***** Data section

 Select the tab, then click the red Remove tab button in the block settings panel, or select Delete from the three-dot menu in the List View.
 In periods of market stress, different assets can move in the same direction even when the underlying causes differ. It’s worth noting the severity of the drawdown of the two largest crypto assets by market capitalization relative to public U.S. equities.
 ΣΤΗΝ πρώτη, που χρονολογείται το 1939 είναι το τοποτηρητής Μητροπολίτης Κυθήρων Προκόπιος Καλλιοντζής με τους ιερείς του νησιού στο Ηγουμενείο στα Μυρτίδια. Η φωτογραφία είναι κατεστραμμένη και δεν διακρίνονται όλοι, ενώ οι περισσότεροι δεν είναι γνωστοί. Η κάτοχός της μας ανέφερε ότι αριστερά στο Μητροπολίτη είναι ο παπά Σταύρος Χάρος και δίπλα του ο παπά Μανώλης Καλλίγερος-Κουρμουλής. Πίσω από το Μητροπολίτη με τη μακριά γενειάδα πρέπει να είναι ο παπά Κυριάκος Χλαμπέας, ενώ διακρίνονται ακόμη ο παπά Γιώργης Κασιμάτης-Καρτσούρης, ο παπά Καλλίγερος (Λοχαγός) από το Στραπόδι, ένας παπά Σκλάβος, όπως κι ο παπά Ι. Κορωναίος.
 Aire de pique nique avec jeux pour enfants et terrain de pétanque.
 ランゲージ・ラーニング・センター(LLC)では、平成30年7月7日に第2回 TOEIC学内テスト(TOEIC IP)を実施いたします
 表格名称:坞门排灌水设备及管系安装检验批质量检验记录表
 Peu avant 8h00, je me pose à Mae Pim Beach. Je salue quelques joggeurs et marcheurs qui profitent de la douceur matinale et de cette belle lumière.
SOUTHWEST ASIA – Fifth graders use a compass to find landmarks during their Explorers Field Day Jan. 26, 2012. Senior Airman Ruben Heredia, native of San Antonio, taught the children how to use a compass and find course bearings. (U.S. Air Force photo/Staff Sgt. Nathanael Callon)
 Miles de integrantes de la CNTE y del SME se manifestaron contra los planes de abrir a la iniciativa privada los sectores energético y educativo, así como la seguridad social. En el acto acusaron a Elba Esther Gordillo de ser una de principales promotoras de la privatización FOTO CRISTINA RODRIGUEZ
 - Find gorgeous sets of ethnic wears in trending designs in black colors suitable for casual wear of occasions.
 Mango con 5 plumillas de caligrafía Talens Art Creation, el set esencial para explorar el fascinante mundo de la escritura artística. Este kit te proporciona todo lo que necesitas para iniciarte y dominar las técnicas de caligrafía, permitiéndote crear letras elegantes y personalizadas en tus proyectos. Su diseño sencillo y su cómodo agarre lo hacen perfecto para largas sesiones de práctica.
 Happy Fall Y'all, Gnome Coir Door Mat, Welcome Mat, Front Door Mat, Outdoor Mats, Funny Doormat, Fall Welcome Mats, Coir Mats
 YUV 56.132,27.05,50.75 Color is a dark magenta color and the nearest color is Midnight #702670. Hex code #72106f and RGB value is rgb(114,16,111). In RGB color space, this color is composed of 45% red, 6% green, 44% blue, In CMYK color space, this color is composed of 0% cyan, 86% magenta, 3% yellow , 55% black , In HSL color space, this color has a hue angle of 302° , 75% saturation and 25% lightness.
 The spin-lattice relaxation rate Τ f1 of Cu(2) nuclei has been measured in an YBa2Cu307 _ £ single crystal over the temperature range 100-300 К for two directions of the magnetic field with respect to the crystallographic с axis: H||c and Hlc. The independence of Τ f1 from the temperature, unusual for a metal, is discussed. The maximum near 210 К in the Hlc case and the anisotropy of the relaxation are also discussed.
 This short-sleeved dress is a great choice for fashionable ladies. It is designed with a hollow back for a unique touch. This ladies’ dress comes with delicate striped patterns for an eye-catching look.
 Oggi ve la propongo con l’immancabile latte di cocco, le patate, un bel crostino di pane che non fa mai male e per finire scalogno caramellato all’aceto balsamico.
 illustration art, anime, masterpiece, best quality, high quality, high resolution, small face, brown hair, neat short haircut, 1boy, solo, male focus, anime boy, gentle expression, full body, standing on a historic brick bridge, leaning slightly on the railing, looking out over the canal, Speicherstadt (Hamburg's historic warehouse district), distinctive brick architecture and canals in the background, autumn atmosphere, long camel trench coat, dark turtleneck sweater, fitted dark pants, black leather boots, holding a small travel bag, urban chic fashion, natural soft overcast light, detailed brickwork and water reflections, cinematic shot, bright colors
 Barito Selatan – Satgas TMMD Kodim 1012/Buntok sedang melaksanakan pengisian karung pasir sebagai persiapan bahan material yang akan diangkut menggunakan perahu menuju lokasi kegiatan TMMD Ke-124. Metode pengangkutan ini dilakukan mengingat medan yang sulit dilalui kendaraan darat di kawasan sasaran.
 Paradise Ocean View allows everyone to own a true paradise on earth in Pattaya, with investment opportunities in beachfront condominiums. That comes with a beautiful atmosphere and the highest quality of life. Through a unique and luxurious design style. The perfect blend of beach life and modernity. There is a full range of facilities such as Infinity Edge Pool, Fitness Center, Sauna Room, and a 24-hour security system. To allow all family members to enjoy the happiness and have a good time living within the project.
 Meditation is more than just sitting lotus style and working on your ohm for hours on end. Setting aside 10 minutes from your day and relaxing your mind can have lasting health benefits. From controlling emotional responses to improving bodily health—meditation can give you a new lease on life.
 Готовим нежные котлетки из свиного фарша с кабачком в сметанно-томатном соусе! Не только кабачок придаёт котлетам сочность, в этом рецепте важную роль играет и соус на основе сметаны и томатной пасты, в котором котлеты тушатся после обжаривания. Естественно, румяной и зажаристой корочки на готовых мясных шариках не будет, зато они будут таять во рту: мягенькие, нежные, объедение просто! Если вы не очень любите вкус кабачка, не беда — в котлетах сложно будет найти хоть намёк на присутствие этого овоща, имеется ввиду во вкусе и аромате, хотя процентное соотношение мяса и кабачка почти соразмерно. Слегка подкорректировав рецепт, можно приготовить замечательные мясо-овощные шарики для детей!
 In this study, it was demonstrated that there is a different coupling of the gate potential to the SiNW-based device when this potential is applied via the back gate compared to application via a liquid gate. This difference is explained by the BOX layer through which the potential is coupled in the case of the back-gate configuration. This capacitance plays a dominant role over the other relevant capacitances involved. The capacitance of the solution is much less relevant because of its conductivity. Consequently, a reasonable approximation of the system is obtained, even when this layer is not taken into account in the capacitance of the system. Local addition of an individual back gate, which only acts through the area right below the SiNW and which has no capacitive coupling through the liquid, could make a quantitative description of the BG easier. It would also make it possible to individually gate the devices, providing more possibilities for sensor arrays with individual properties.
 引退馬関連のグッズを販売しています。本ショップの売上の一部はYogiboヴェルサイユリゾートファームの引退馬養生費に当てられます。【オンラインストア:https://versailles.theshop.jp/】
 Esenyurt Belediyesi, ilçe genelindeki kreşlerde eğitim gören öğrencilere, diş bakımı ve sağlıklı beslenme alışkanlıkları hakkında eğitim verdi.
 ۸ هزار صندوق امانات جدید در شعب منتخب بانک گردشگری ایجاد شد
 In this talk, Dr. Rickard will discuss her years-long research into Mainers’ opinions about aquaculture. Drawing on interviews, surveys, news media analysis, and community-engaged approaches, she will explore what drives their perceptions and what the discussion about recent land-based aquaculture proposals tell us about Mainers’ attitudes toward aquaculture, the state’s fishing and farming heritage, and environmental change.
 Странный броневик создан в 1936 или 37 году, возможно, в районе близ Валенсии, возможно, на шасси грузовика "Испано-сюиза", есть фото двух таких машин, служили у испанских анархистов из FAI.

**********

#### [Instructions for the task]
In the entries above, find the line holding "The spin-lattice relaxation" and the line holding "illustration art, anime, masterpiece, best", then retype exactly those two lines and every line between them, and nothing else.

#### [Task answer]
 The spin-lattice relaxation rate Τ f1 of Cu(2) nuclei has been measured in an YBa2Cu307 _ £ single crystal over the temperature range 100-300 К for two directions of the magnetic field with respect to the crystallographic с axis: H||c and Hlc. The independence of Τ f1 from the temperature, unusual for a metal, is discussed. The maximum near 210 К in the Hlc case and the anisotropy of the relaxation are also discussed.
 This short-sleeved dress is a great choice for fashionable ladies. It is designed with a hollow back for a unique touch. This ladies’ dress comes with delicate striped patterns for an eye-catching look.
 Oggi ve la propongo con l’immancabile latte di cocco, le patate, un bel crostino di pane che non fa mai male e per finire scalogno caramellato all’aceto balsamico.
 illustration art, anime, masterpiece, best quality, high quality, high resolution, small face, brown hair, neat short haircut, 1boy, solo, male focus, anime boy, gentle expression, full body, standing on a historic brick bridge, leaning slightly on the railing, looking out over the canal, Speicherstadt (Hamburg's historic warehouse district), distinctive brick architecture and canals in the background, autumn atmosphere, long camel trench coat, dark turtleneck sweater, fitted dark pants, black leather boots, holding a small travel bag, urban chic fashion, natural soft overcast light, detailed brickwork and water reflections, cinematic shot, bright colors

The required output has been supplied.